Valter Hugo Mãe

De regresso à pandemia


Rubrica "Cidadania Impura", de Valter Hugo Mãe.

Na verdade, enquanto o Governo se manteve a pedir apenas responsabilidade quis desresponsabilizar-se de tomar medidas que, claro está, propendem para ser impopulares.

Não havia terminado, mas é verdade que para uma vasta maioria a pandemia se tornara algo especulativo, um tópico para opiniões sem demasiado compromisso. Afinal, a economia não pode parar e os efeitos do isolamento não podem significar o colapso profissional e o fim da maturação escolar de tantos milhões. Julgo, contudo, que ninguém quis ser avisado de que, na verdade, isolamento é sobretudo cuidado, não é deixar de trabalhar ou de estudar. É usar máscara (saber que máscaras são seguras e não cair no engodo dos paninhos enfeitados que caem do nariz), é higienizar as mãos, cumprir dois metros de distância. Isolamento passou a ser consciência de uso da normalidade possível, não implica ausência ou confinamento absoluto. Significa contenção e respeito.

Claro que do Governo, uma e outra vez, se esperava uma comunicação mais assertiva, onde não basta que António Costa peça uma conduta responsável a todos. Não é assim que resolve a pandemia, como não é assim que resolve a corrupção, o furto ou o roubo, a infracção no trânsito ou a má inclinação clubística. A prevaricação que a lei sanciona não acaba com a ternura de se pedir respeito. Julgar que com um pedido assim se está a agir contra uma pandemia tem de ser um placebo que engana os que querem muito ser enganados. Na verdade, enquanto o Governo se manteve a pedir apenas responsabilidade quis desresponsabilizar-se de tomar medidas que, claro está, propendem para ser impopulares.
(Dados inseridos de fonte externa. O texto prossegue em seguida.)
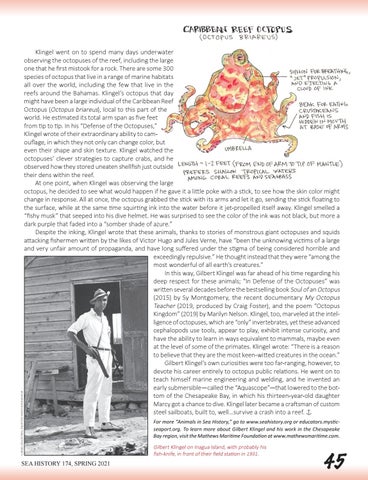 Klingel went on to spend many days underwater observing the octopuses of the reef, including the large one that he first mistook for a rock. There are some 300 species of octopus that live in a range of marine habitats all over the world, including the few that live in the reefs around the Bahamas. Klingel’s octopus that day might have been a large individual of the Caribbean Reef Octopus (Octopus briareus), local to this part of the world. He estimated its total arm span as five feet from tip to tip. In his “Defense of the Octopuses,” Klingel wrote of their extraordinary ability to camouflage, in which they not only can change color, but even their shape and skin texture. Klingel watched the octopuses’ clever strategies to capture crabs, and he observed how they stored uneaten shellfish just outside their dens within the reef. At one point, when Klingel was observing the large octopus, he decided to see what would happen if he gave it a little poke with a stick, to see how the skin color might change in response. All at once, the octopus grabbed the stick with its arms and let it go, sending the stick floating to the surface, while at the same time squirting ink into the water before it jet-propelled itself away. Klingel smelled a “fishy musk” that seeped into his dive helmet. He was surprised to see the color of the ink was not black, but more a dark purple that faded into a “somber shade of azure.” Despite the inking, Klingel wrote that these animals, thanks to stories of monstrous giant octopuses and squids attacking fishermen written by the likes of Victor Hugo and Jules Verne, have “been the unknowing victims of a large and very unfair amount of propaganda, and have long suffered under the stigma of being considered horrible and exceedingly repulsive.” He thought instead that they were “among the most wonderful of all earth’s creatures.” In this way, Gilbert Klingel was far ahead of his time regarding his deep respect for these animals; “In Defense of the Octopuses” was written several decades before the bestselling book Soul of an Octopus (2015) by Sy Montgomery, the recent documentary My Octopus Teacher (2019, produced by Craig Foster), and the poem “Octopus Kingdom” (2019) by Marilyn Nelson. Klingel, too, marveled at the intelligence of octopuses, which are “only” invertebrates, yet these advanced cephalopods use tools, appear to play, exhibit intense curiosity, and have the ability to learn in ways equivalent to mammals, maybe even at the level of some of the primates. Klingel wrote: “There is a reason to believe that they are the most keen-witted creatures in the ocean.” Gilbert Klingel’s own curiosities were too far-ranging, however, to devote his career entirely to octopus public relations. He went on to teach himself marine engineering and welding, and he invented an early submersible—called the “Aquascope”—that lowered to the bottom of the Chesapeake Bay, in which his thirteen-year-old daughter Marcy got a chance to dive. Klingel later became a craftsman of custom steel sailboats, built to, well…survive a crash into a reef.
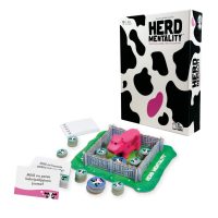 Hauska perhepeli, jonka tavoite on erittäin yksinkertainen: ajattele samalla tavalla kuin kaikki muut! Pelaajat vastaavat kysymyksiin, kuten ottaisitko mieluummin robottikädet vai robottijalat. Jos onnistut vastaamaan, kuten enemmistö, voitat lehmiä. Jos vastasit ainoana eri tavalla, saat pinkin lehmän ja laumasi on arvoton.. Muu. Nyt on aika kulkea lauman mukana! 4-20 pelaajalle. Suomenkielinen. Vuoden perhepeli 2025! 10+
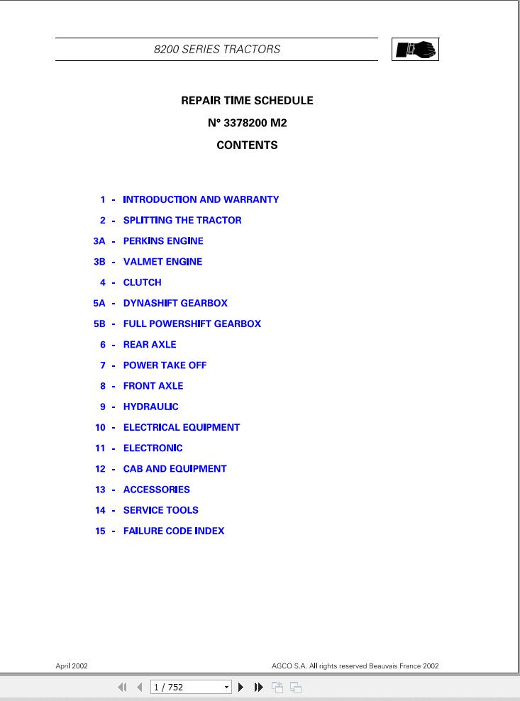 Massey Ferguson 8200 Series Repair Time Schedule 3378200M2

Voltámos à pandemia porque os números exigem e os hospitais ameaçam deixar de ter condições para receber todos os doentes, e os mortos aumentam consideravelmente e já os espíritos mais especulativos prestam atenção à necessidade de entender isto que se torna concreto.

Com as novas medidas sobram as dúvidas. A comunicação continua a investir no assim-assim. Retive, por exemplo, a ideia de serem admitidas as festas familiares de até 50 pessoas quando marcadas a partir de agora. As festas marcadas anteriormente poderão exceder esse número. Enfim. Todos os aniversários e o Natal estão, por definição, combinados. Na verdade, quem vai fiscalizar algo como isto? A marcação começa no dia em que alguém decide juntar a família ou no dia em que o comunica à primeira pessoa? E quem da família vai denunciar às autoridades que a ideia começou depois de 15 de Outubro?

Não sei se, novamente, perante a notícia mais assustadora e constante, não voltará a ser a comunidade a tomar iniciativas que apenas depois o Governo dará como necessárias e obrigatórias. Hoje, vi uma das vizinhas a usar pela primeira vez máscara. Foi absolutamente a primeira vez que desceu pelo prédio já de máscara e assim ficou na rua. Nada até agora a havia convencido. É assinalável, de qualquer modo, que o faça antes que o Governo o dê como fundamental, sem rodeios nem hesitações.

Parece que, depois de cada passo, é com as perguntas da imprensa que o Governo entende o que quer ou não quer dizer com aquilo que decreta. Como se medisse a sensibilidade da imprensa para saber se avança ou não com as medidas a que alude com bastante imprecisão.